• EXERCISE REQUIREMENTS
Skip the pictures, please, and write out exactly the lines from the opening of the data through the line containing "5月28日下午,华人直播 教".

• DATA EXCERPT
------------------------------------------------

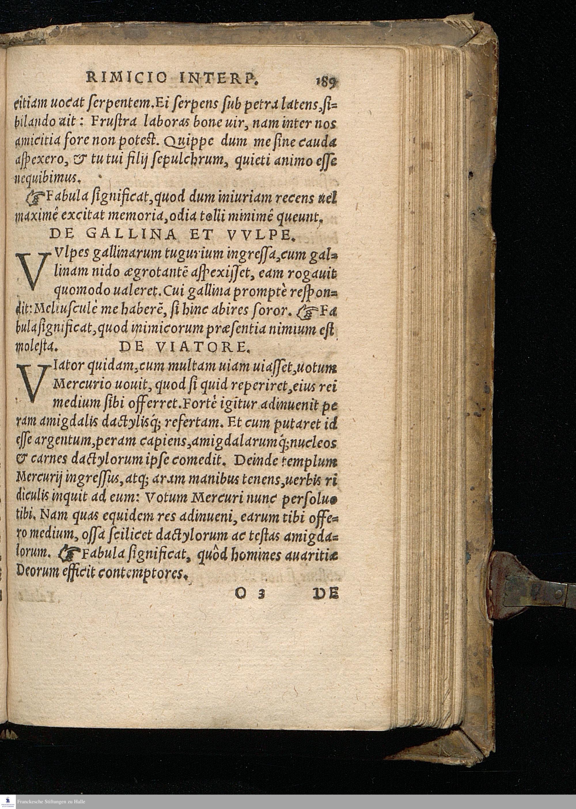 FABVLA=||RVM QVAE HOC LI=||bro continentur, Interpretes atq; || authores sunt hi.|| Guilelmus Goudanus.|| Hadrianus Barlandus.|| Erasmus Roterodamus.|| Aulus Gellius.|| Laurentius Valla.|| Angelus Politianus.|| Petrus Crinitus.|| Ioannes Anthonius Campanus.|| Plinius secundus Nouocomensis.|| Anianus, Guilelmus Hermannus.|| Nicolaus Gerbellius Phorcensis.|| Laurentius Abstemius.|| Rimicius iam denuo additus.|| Aesopi uita ex Maximo Planude excer=||pta et aucta.|| Indicem fabularum in uestibulo reperies.||
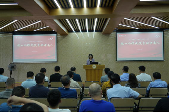 5月28日下午,华人直播 教职工大会在潇湘校区金贵楼420顺利召开,校纪委第二纪检监察室主任杨帆出席会议并作“一院一宣讲”教育培训,学院领导班子及全院教职工参会。
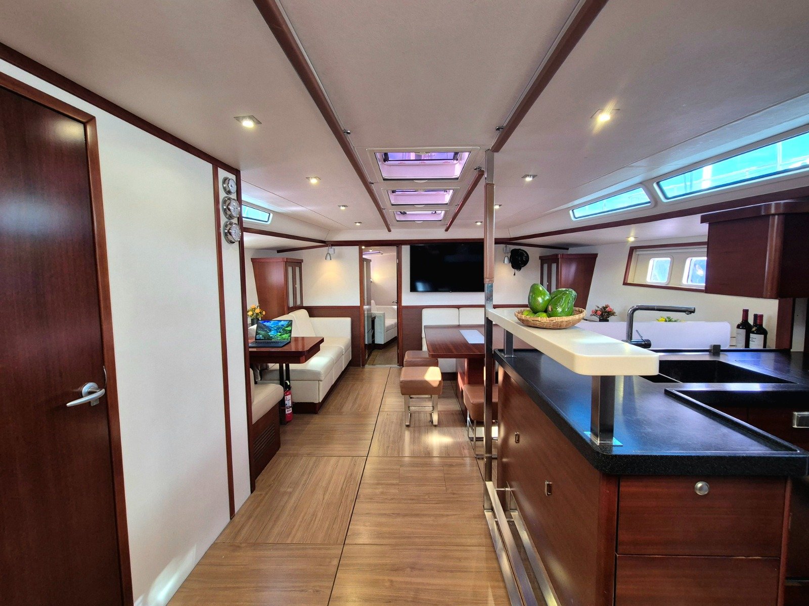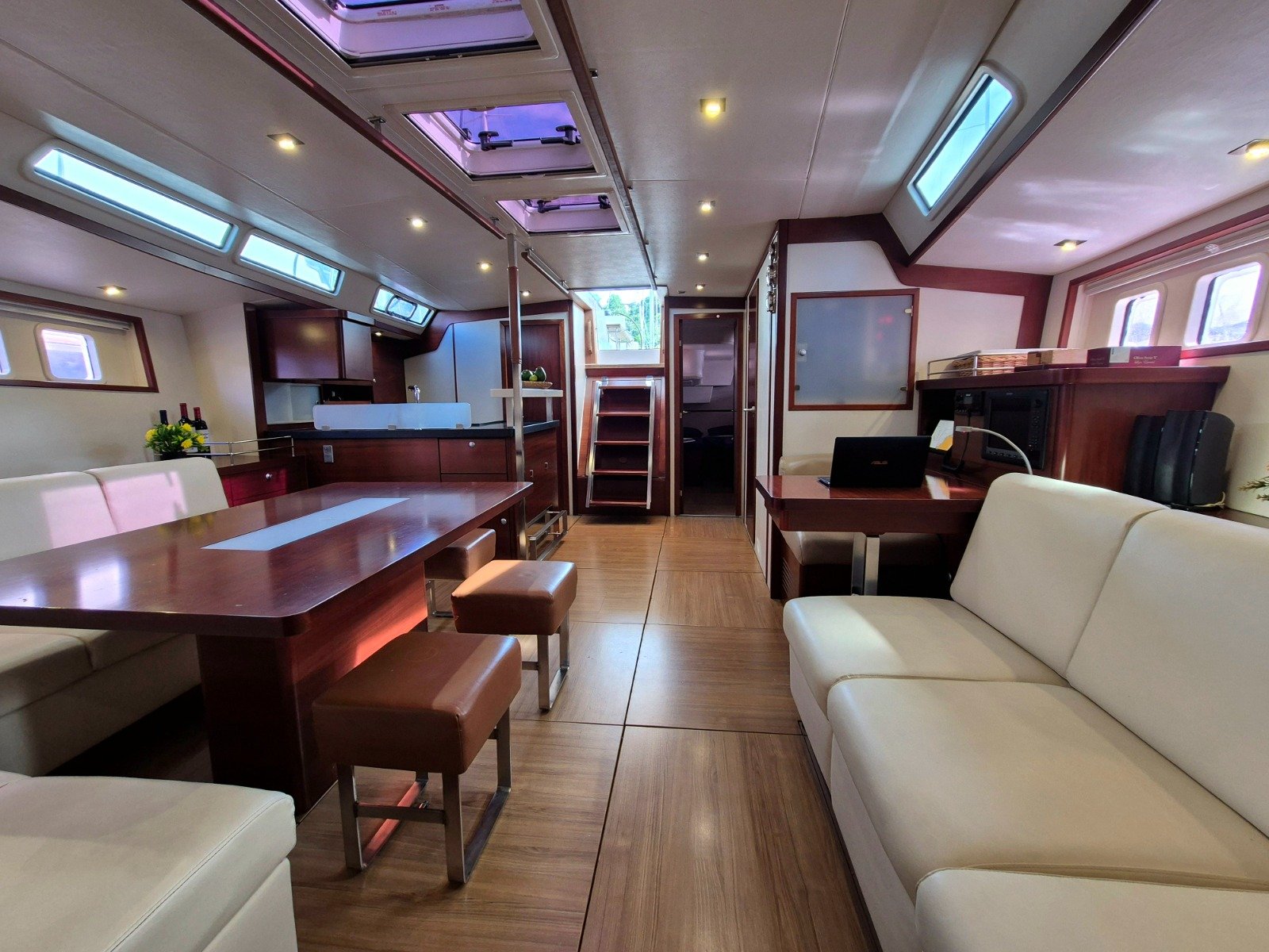 Sailing Freedom is a luxurious sixty three foot monohull, a Hanse 630 featuring three spacious guest cabins, a spacious saloon, and elegant outdoor seating.
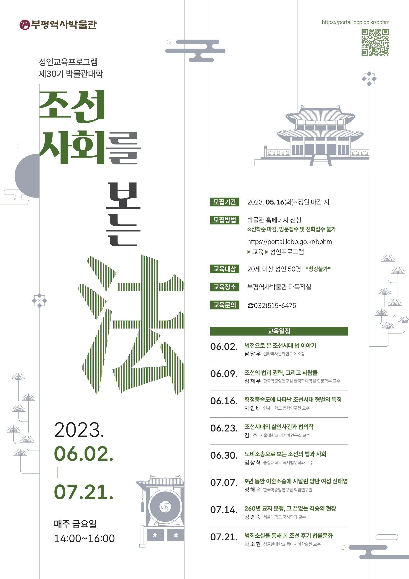 Read More »‘조선사회를 보는 法’, ‘제30기 박물관대학’ 참여자 모집..부평역사박물관

------------------------------------------------

• REPLY
 FABVLA=||RVM QVAE HOC LI=||bro continentur, Interpretes atq; || authores sunt hi.|| Guilelmus Goudanus.|| Hadrianus Barlandus.|| Erasmus Roterodamus.|| Aulus Gellius.|| Laurentius Valla.|| Angelus Politianus.|| Petrus Crinitus.|| Ioannes Anthonius Campanus.|| Plinius secundus Nouocomensis.|| Anianus, Guilelmus Hermannus.|| Nicolaus Gerbellius Phorcensis.|| Laurentius Abstemius.|| Rimicius iam denuo additus.|| Aesopi uita ex Maximo Planude excer=||pta et aucta.|| Indicem fabularum in uestibulo reperies.||
 5月28日下午,华人直播 教职工大会在潇湘校区金贵楼420顺利召开,校纪委第二纪检监察室主任杨帆出席会议并作“一院一宣讲”教育培训,学院领导班子及全院教职工参会。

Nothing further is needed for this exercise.